»»

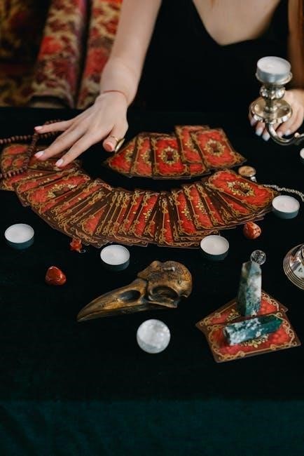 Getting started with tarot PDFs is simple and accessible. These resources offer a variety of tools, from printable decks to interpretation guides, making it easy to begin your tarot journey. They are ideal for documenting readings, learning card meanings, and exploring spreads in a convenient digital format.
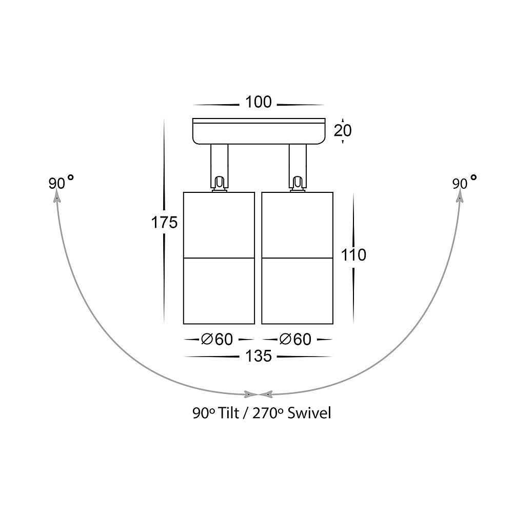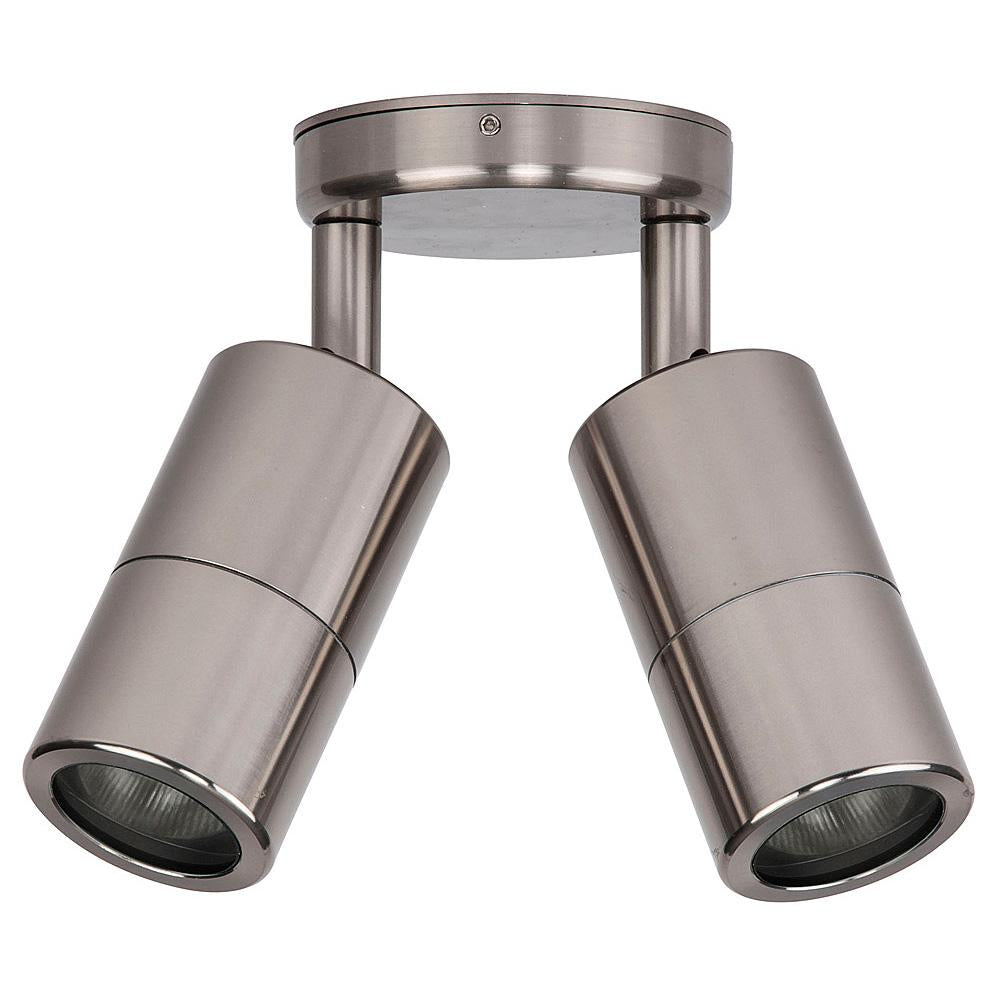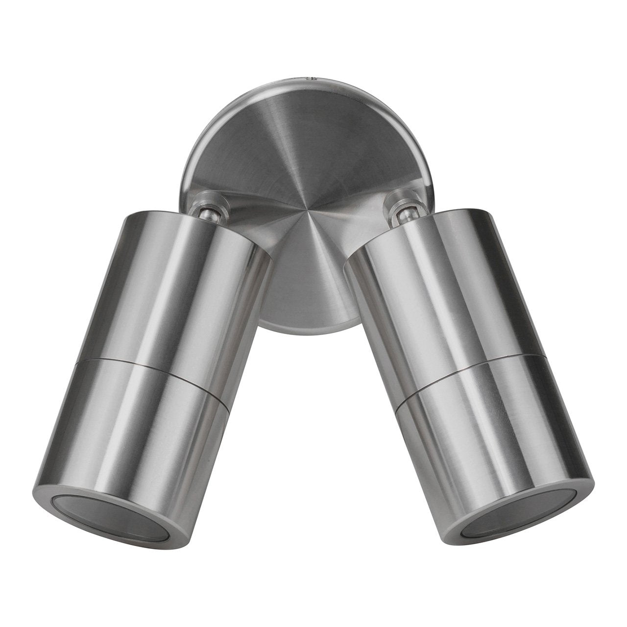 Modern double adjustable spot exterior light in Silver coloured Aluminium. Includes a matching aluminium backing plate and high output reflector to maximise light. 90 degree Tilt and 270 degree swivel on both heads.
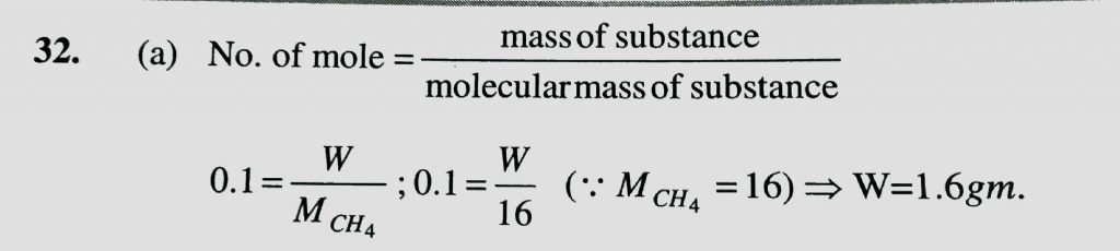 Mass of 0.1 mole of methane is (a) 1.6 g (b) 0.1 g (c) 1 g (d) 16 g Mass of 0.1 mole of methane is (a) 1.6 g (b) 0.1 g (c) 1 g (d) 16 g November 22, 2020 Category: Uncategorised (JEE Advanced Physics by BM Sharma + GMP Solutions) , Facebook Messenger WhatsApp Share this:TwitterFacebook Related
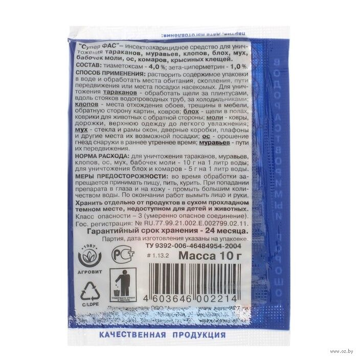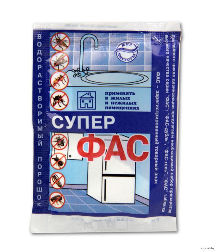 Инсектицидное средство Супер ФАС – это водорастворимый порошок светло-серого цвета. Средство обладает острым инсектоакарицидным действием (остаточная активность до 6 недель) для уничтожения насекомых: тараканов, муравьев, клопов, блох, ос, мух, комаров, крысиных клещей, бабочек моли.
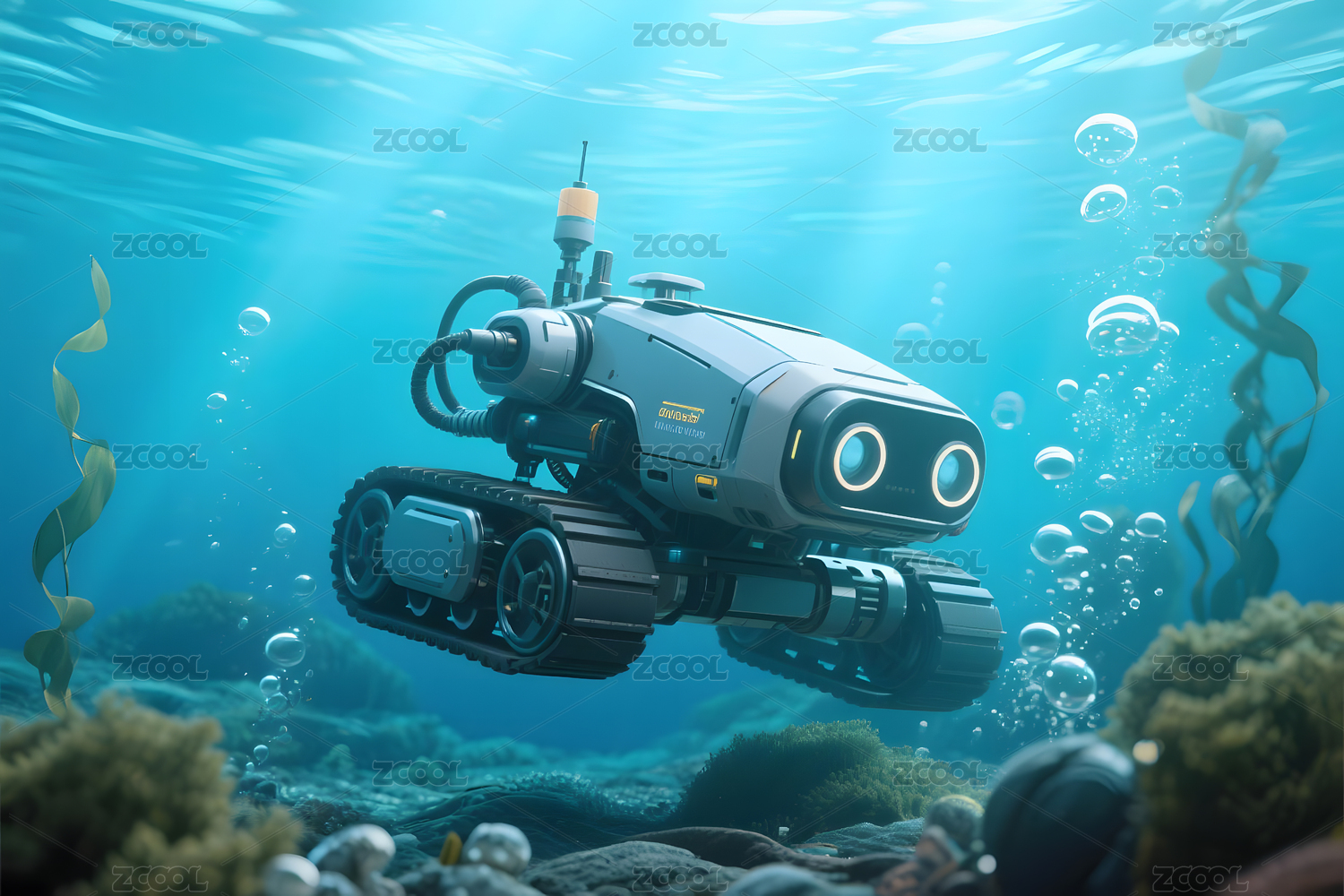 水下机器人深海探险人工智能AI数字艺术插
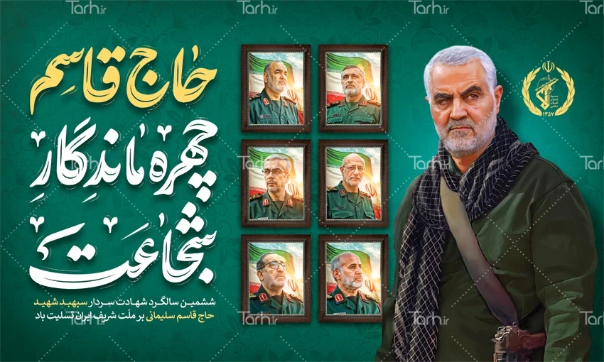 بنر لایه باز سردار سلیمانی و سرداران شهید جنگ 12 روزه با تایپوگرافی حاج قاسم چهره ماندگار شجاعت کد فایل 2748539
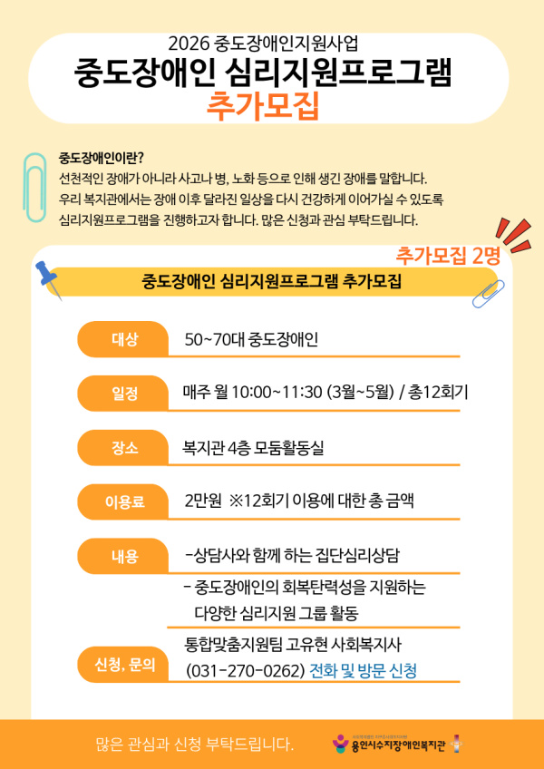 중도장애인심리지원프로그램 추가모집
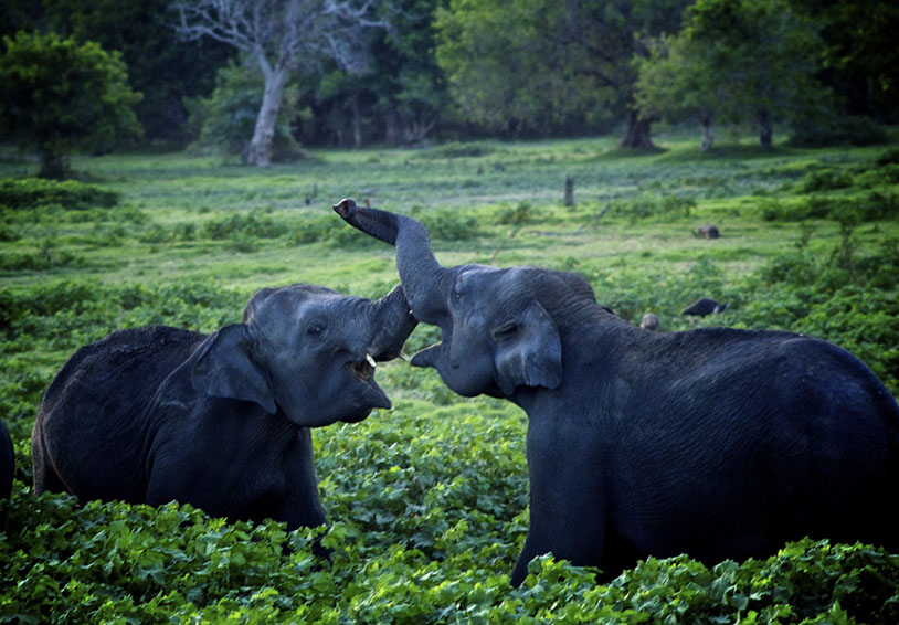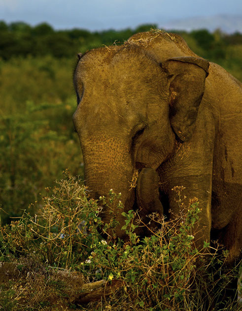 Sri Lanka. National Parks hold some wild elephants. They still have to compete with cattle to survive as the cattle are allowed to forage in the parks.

««

(TASK TO CARRY OUT) Exactly as written, restate all of the data, leaving out the images.

(FINISHED TASK)
 Getting started with tarot PDFs is simple and accessible. These resources offer a variety of tools, from printable decks to interpretation guides, making it easy to begin your tarot journey. They are ideal for documenting readings, learning card meanings, and exploring spreads in a convenient digital format.
 Modern double adjustable spot exterior light in Silver coloured Aluminium. Includes a matching aluminium backing plate and high output reflector to maximise light. 90 degree Tilt and 270 degree swivel on both heads.
 Mass of 0.1 mole of methane is (a) 1.6 g (b) 0.1 g (c) 1 g (d) 16 g Mass of 0.1 mole of methane is (a) 1.6 g (b) 0.1 g (c) 1 g (d) 16 g November 22, 2020 Category: Uncategorised (JEE Advanced Physics by BM Sharma + GMP Solutions) , Facebook Messenger WhatsApp Share this:TwitterFacebook Related
 Инсектицидное средство Супер ФАС – это водорастворимый порошок светло-серого цвета. Средство обладает острым инсектоакарицидным действием (остаточная активность до 6 недель) для уничтожения насекомых: тараканов, муравьев, клопов, блох, ос, мух, комаров, крысиных клещей, бабочек моли.
 水下机器人深海探险人工智能AI数字艺术插
 بنر لایه باز سردار سلیمانی و سرداران شهید جنگ 12 روزه با تایپوگرافی حاج قاسم چهره ماندگار شجاعت کد فایل 2748539
 중도장애인심리지원프로그램 추가모집
 Sri Lanka. National Parks hold some wild elephants. They still have to compete with cattle to survive as the cattle are allowed to forage in the parks.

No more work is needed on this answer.